The Tyranny of Tech Debt

28 April 2025
  • News
  • Technology

Why We Should Stop Talking About Tech Debt

By Stephen, Head of Forecasting Engineering

Tech debt has become a catch-all cliché – vague, overused and often misleading. It’s time we move on.

Everyone involved in software engineering has at some point used the phrase tech debt. It has become ubiquitous; seldom does a roadmap meeting, tech blog or report avoid its reach.

 

The phrase started out as a metaphor for quick and dirty code but its over use, over time, to describe a multitude of real world circumstances, has made it near impossible to identify its intended meaning.

 

What’s the upshot of this?
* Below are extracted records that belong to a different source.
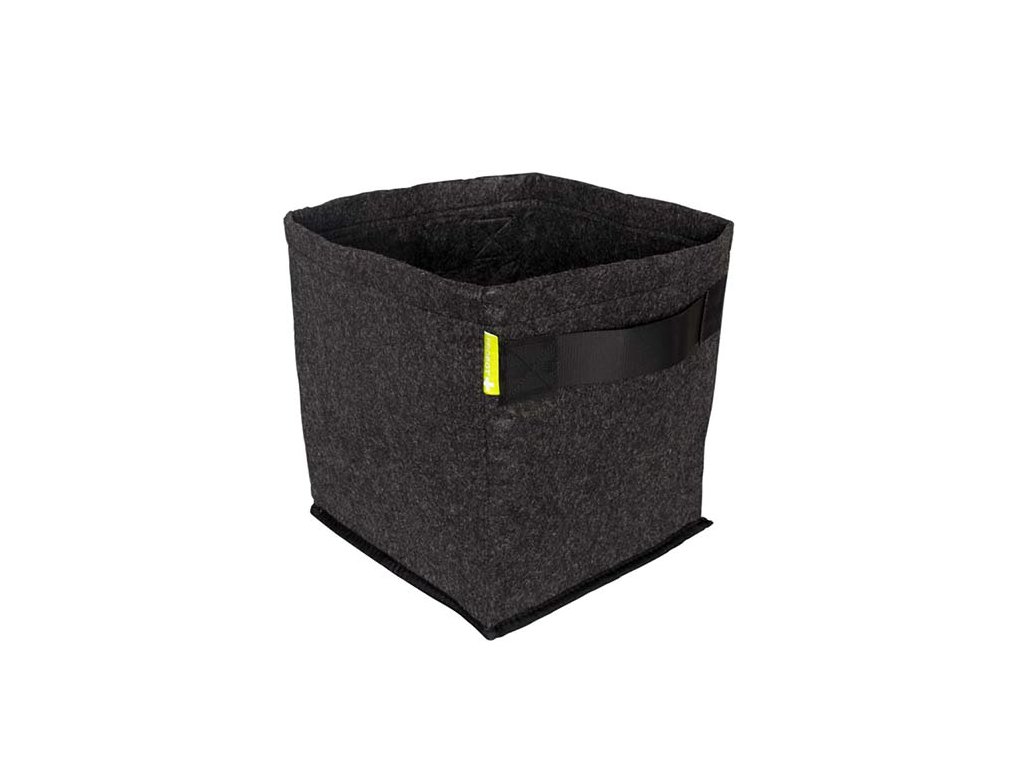 - Černý textilní květináč má objem 15 litrů
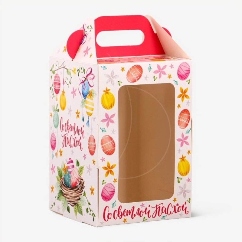 Доставка Коробка для торта/кулича с окном "Светлой Пасхи" 10х10х15 см из магазина в вашем городе:
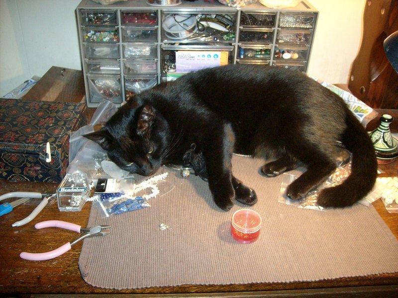 First she was a kitten. She liked to lay on my work table while I made jewelry. It was a big table, she was a small cat. In this picture, she had gotten a little bigger.

It renders the use of tech debt as a phrase increasingly problematic. 

What Does it Really Mean when We Talk About Tech Debt

The problem is, it’s difficult to be sure. Tech debt has become a catch all phrase and I’ve seen it used to describe everything from design debt and inadequate test coverage to large, monolithic interdependencies.

 

And therein lies the problem; two people cannot have a useful conversation about tech debt because it means so many things.

 

Furthermore, the huge spread of possible causes makes it actively unhelpful in making decisions around where to improve a code base because it doesn’t give space to describe value.

 

It’s like saying things could be better. Of course they could — that’s axiomatic — but it doesn’t help you decide what to improve or how.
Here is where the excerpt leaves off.